The View Montado do Paredão - Curral das Freiras
When we finally leave the Caminho Florestal des Serras de Santo António, we come to the even deadlier Estrada da Eira do Serrado. She looks fine from the car, but then as you see her from a distance you realise that the road is carved out of the rock and there is a steep drop off below you. Plus the road is pretty narrow too and we met a bus at a bend, which was fun to dodge to pass. At the end of the road is a mountain hut with free parking. From the hut it's then about a 5 minute walk to a lookout where it was solidly windy. But the views of the Curral des Freiras and its valley were awesome, and even better than the previous viewpoint.
The View Eira do Serrado
The View Eira do Serrado
Estrada da Eira do Serrado
That's all for today. We get in the car and the sat nav takes us to Funchal. As we're used to half-empty roads, it was purgatory here. Full of cars and narrow roads, plus a tangle of streets and a faulty satnav, made for some cruel moments. But we did come across a Continentce shopping centre here, so we went shopping for port for the evening and some food to go with it.
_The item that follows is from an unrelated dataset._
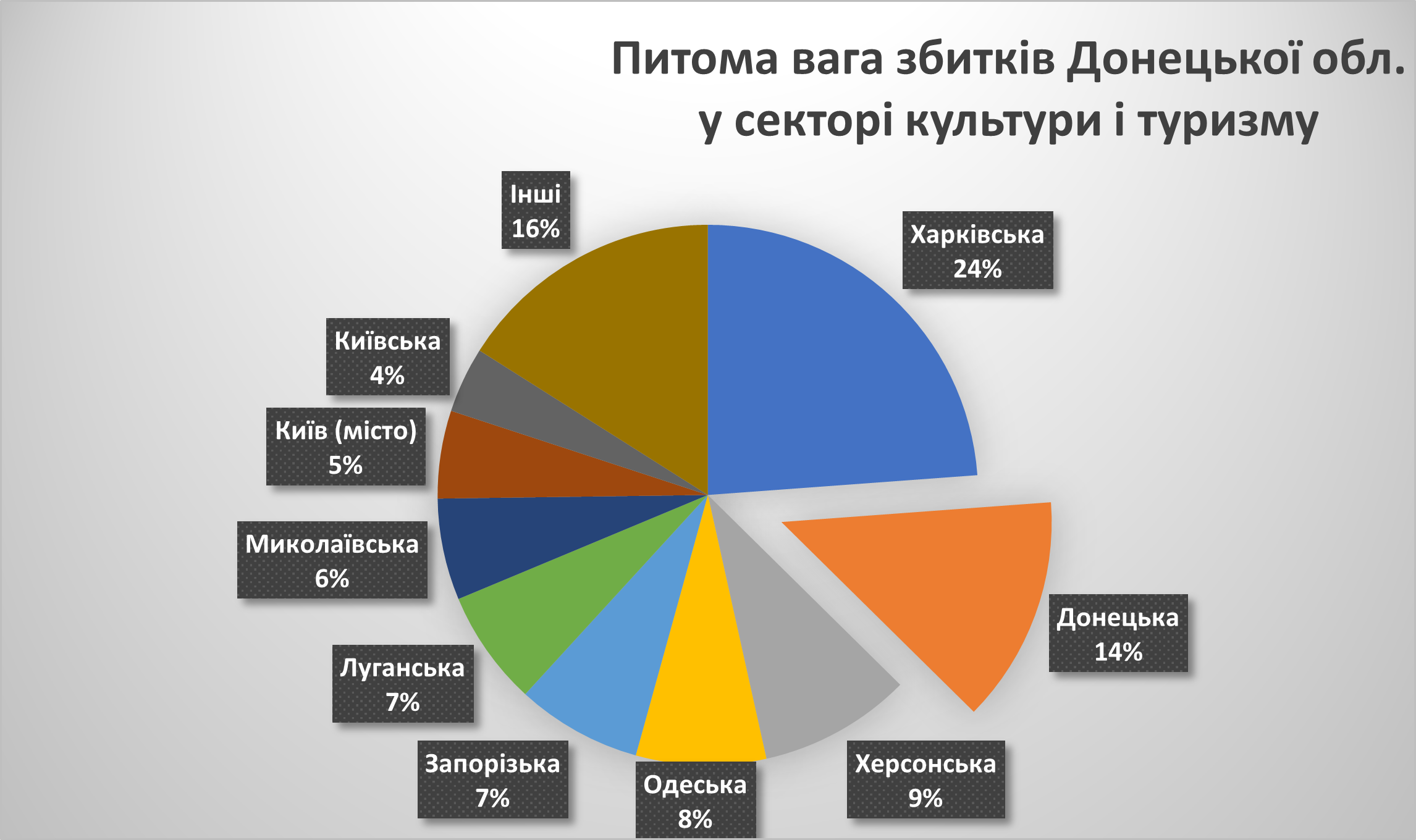 Станом на 31 грудня 2024 року загальна вартість збитків у секторі культури і туризму України оцінюється в 4,11 млрд доларів США. Донецька область, яка зазнала значних руйнувань, складає понад 14% від усіх збитків у цій сфері.
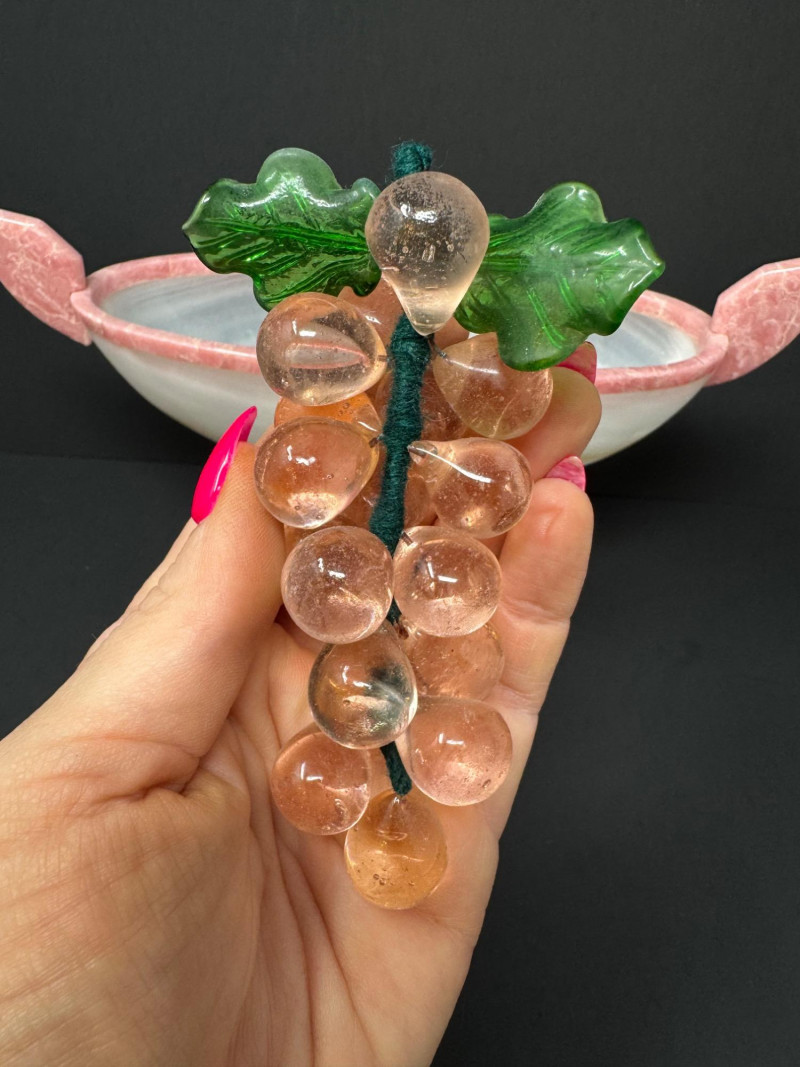 Argentinian Rhodochrosite & Calcite Stone Bowl w/ Glass Grapes, $500+

Then we're going home. At first we are stuck in traffic, but once we get on the motorway, it clears up and by the tangential junction between Riberia Brava and Sao Vicente the cars are down to a minimum. We arrive at the apartment around 8:30 or so. We make dinner, drink a bottle of Port and go to bed. Tomorrow we have an equally challenging crossing of the ridge from Pico Ruivo to Pico Arieiro.